AI Model Compression Techniques

Model Compression Techniques


Since our founding, we have been researching and developing AI model compression technology. Focusing on server costs, as an issue in the actual operation of AI, we have researched and developed compression of AI to reduce server cost.

Smaller trained models can speed up processing. This reduces the server processing load required to operate trained models and reduces server costs, which accounted for most of the cost of AI product services, so that product services can be provided at economical prices.

Our technologies

There are various methods of AI compression, but our company mainly researches and develops two methods Quantization and our own Cache AI method.

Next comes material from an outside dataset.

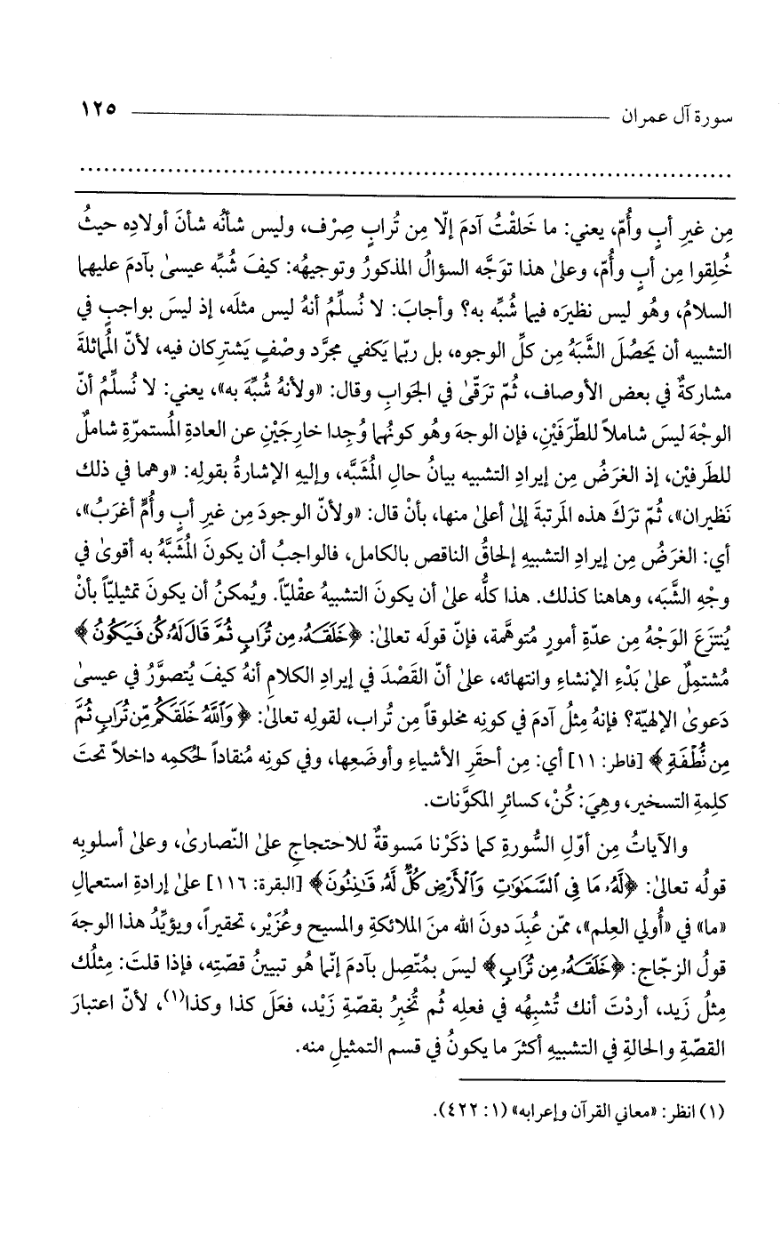 والآيات من أول السورة كما ذكرنا مسوقة للاحتجاج على النصارى، وعلى أسلوبه قوله تعالى: (لَهُ مَا فِي السَّمَوَاتِ وَالأَرْضِ كُلٌّ لَهُ قَانِتُونَ) [البقرة: 116] على إرادة استعمال "ما" في "أولي العلم"، ممن عبد دون الله من الملائكة والمسيح وعزير، تحقيراً، ويؤيد هذا الوجه قول الزجاج: (خَلَقَهُ مِنْ تُرَابٍ) ليس بمتصل بآدم إنما هو تبيين قصته، فإذا قلت: مثلك مثل زيد، أردت أنك تشبهه في فعله ثم تخبر بقصة زيد، فعل كذا وكذا، لأن اعتبار القصة والحالة في التشبيه أكثر ما يكون في قسم التمثيل منه.

Before explaining the miniaturization method, let me briefly explain Weighting for deep learning beginners.

Deep learning has Training and Inference (Prediction). load a large amount of data into a neural network, Training means creating a network that optimally adjusts the Weighting of synapses.

In the case of bear image recognition, after a model is “learned” a bear dataset, it is input an image and it inferences “There is a 90% probability that it is a bear.” If the given image is not a bear image, the recognition accuracy called be poor. Using the method of Backpropagation, it is adjusted the “error” is the difference between the input “bear” and the output. This is a method of calculating the synapse Weighting to minimize this error in the opposite direction from the output to the input. Deep learning continues to adjust the Weighting in the neural network and learns the bear image.


This is a lightening technique that reduces the amount of computation by expressing the weight function parameters with small bits. This is also known as arithmetic rounding. In deep learning frameworks such as TensorFlow and PyTorch, 32-bit floating point precision (float type) is the most used. It has been reported that 8-bit quantization results in a performance degradation of about 1%. This is the key to research and development, and miniaturization is achieved by expressing with small bits without lowering accuracy. Our algorithm has succeeded in making the trained model 1/10th smaller (10 times faster). weighting

Cache AI

This is our invented technology to convert all function calculations in the middle layer of the model into a table of hash values (fixed-length values obtained from the original data by a calculation procedure. Used for encryption). (Patented technology)

It uses key-value type hash table encryption technology (one-to-one correspondence between key and value pair), and it also has the property of encrypting the original data. The challenge can be to use various data in the same table without enlarging the hash table. It is difficult to make the hit rate (recognition accuracy) of whether the key that is correctly converted by function calculation of various image partial data corresponds to the value of the table (recognition accuracy) to a practical level. For example, in the case of pharmacy prescription recognition, it needs to be 90% or higher for practical use. Clearing this issue, we are working on a groundbreaking technology that has the potential to reduce the size to 1/10 or less.